● Information provided
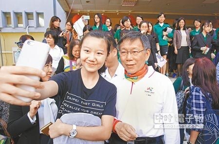 台北市長柯文哲昨參加北一女113周年校慶活動,他說,這是他首次踏進北一女,女兒雖就讀北一女,但未見到面,還好北一女同學熱烈歡迎他,大批粉絲搶著與他合照、簽名,讓他能多停留並逛逛北一女校園。
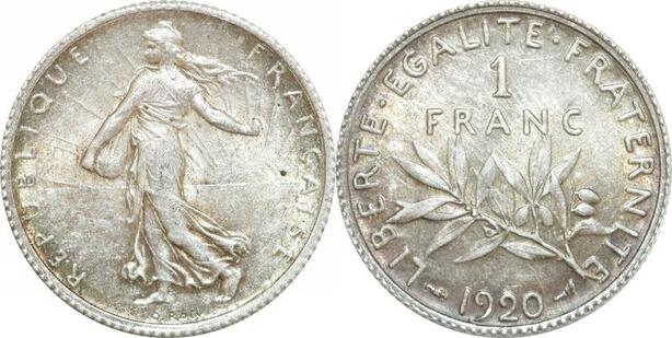 Q0578 France 1 Franc Semeuse 1920 Argent Silver FDC > Make Offer
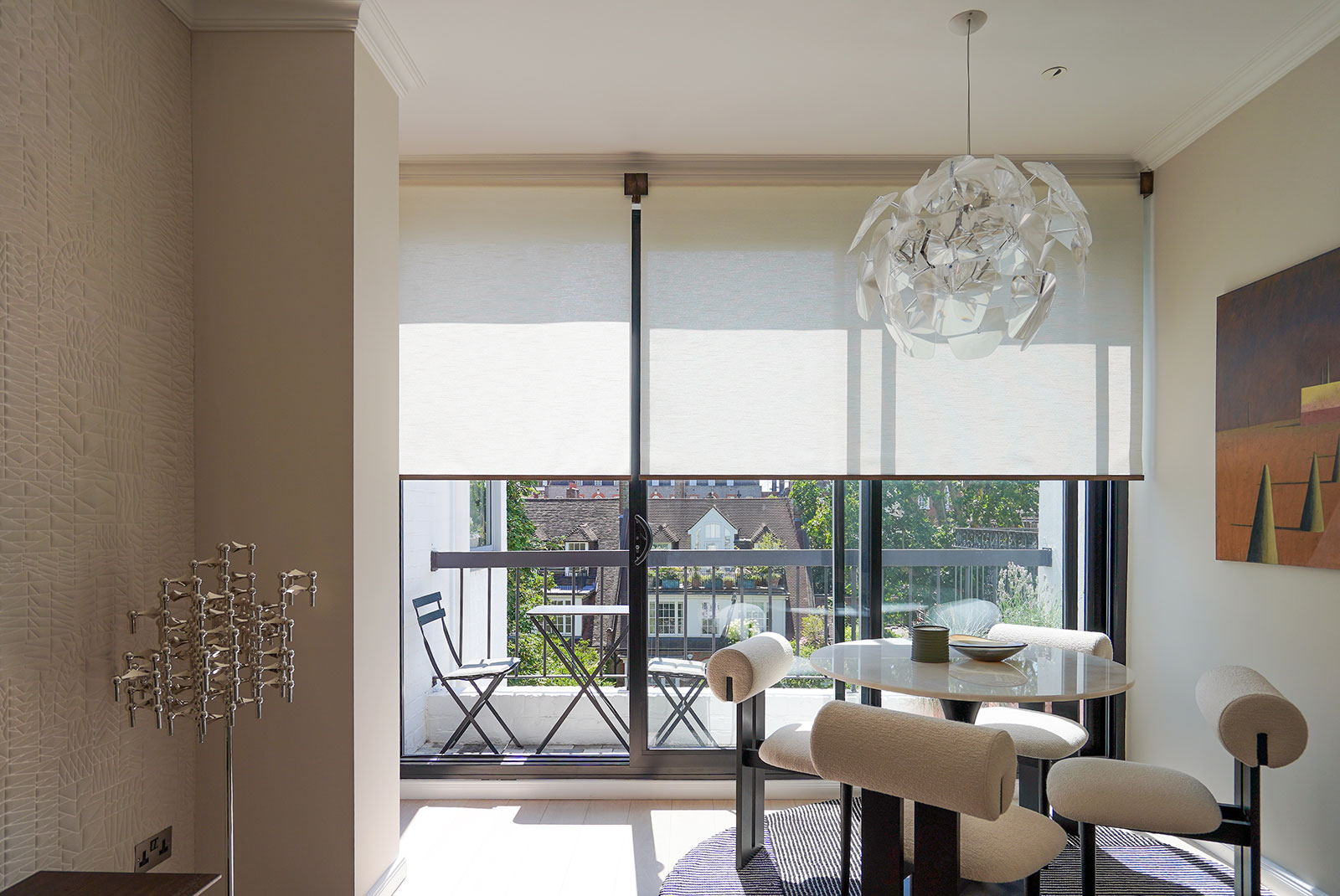 This Chelsea apartment showcases how carefully designed luxury apartment roller blinds can transform interiors. Every blind was chosen to deliver both performance and style, creating minimal elegant window treatment solutions that enhance the apartment’s calm, contemporary character. A perfect balance of bespoke design and modern convenience.
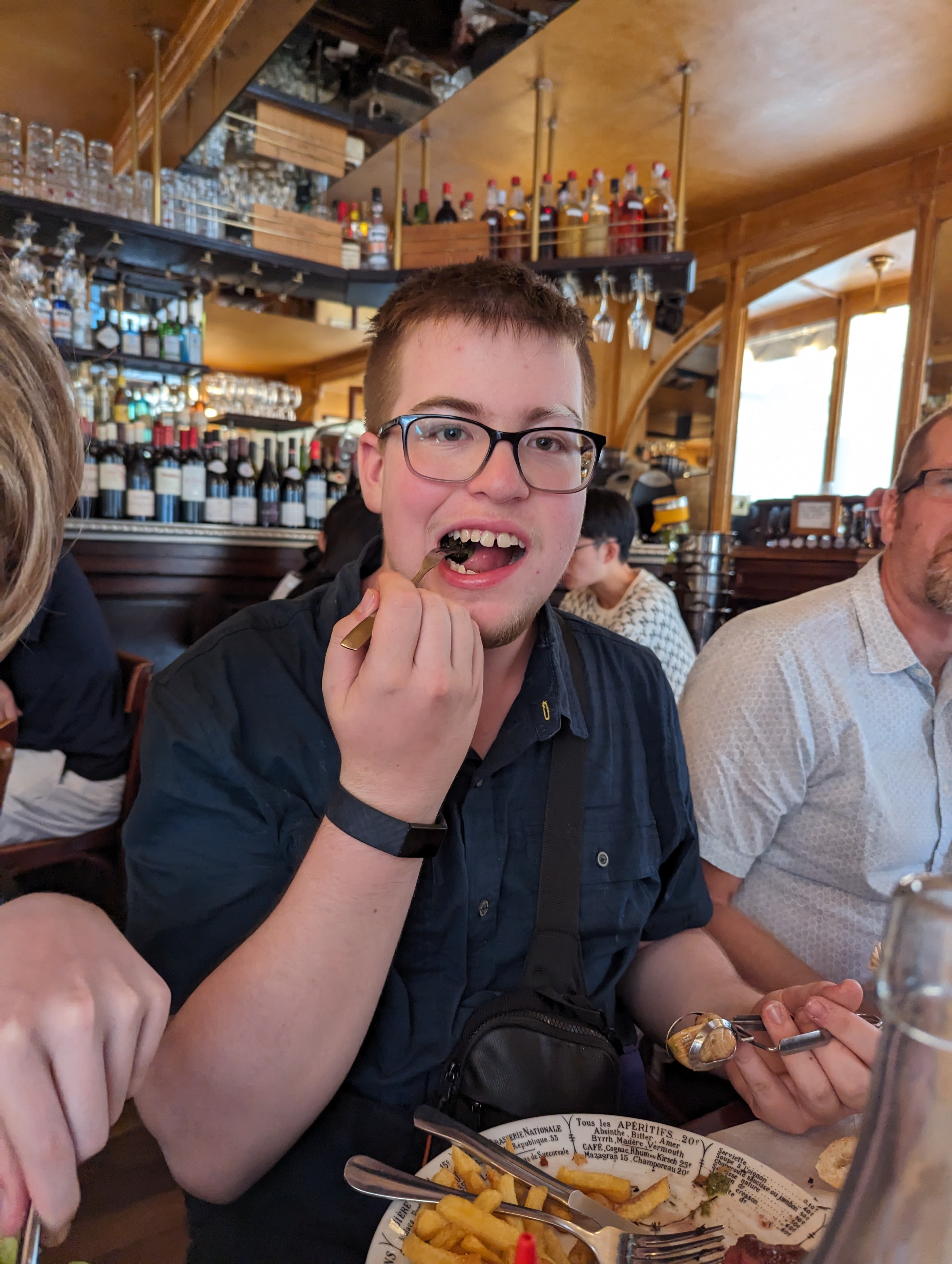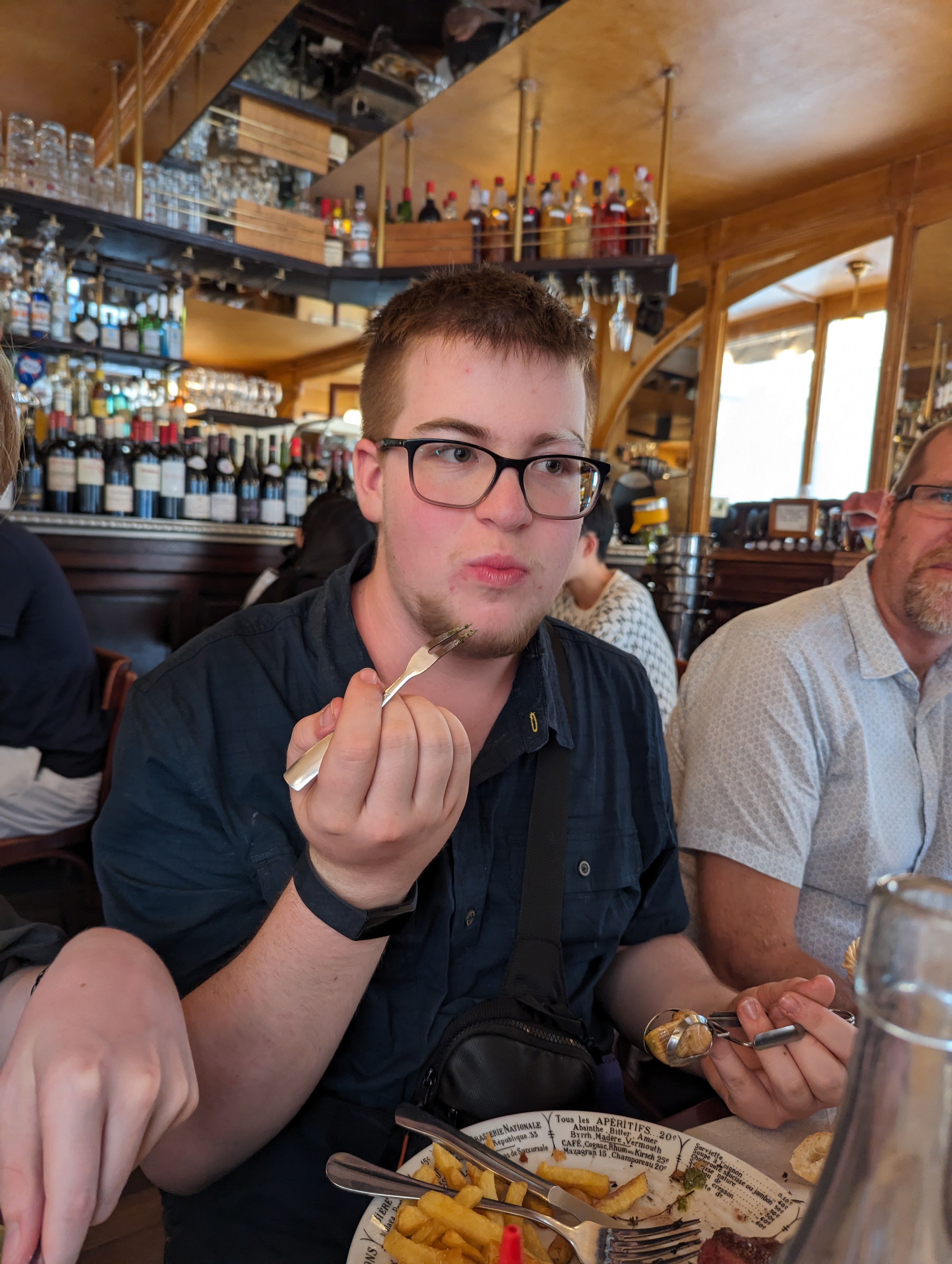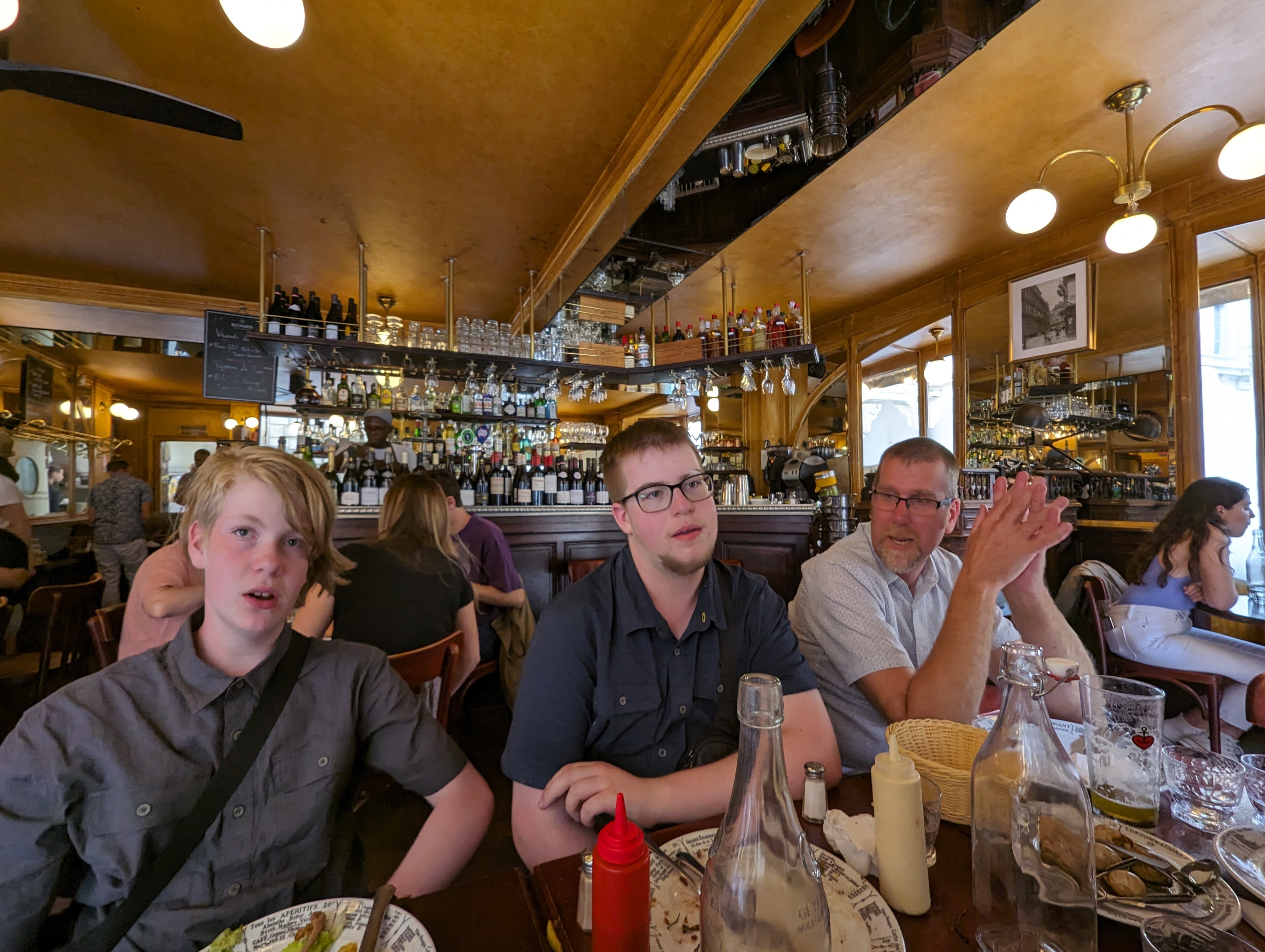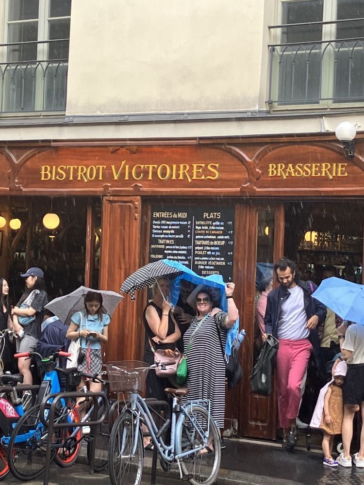 We continued on our way through Paris to a restaurant called Bistrot Victoires. It is a French place that has reasonable prices. Obviously popular as we had to wait a while – particularly since there were 6 of us. Made do in the rain before we were seated. It was so cool. We had 2 kinds of steak, duck confit, and chicken. All of it was super tasty. Graeme ordered escargot and everyone had one, even Colin and Zane. Took Zane a while, but once he tried it, he said he liked it apart from the fact that he knew he was eating a snail.

● Assignment
Reproduce the listing above from the line that holds "Q0578 France 1" through the line that holds "This Chelsea apartment", both included, with the pictures left out.

● Answer box
 Q0578 France 1 Franc Semeuse 1920 Argent Silver FDC > Make Offer
 This Chelsea apartment showcases how carefully designed luxury apartment roller blinds can transform interiors. Every blind was chosen to deliver both performance and style, creating minimal elegant window treatment solutions that enhance the apartment’s calm, contemporary character. A perfect balance of bespoke design and modern convenience.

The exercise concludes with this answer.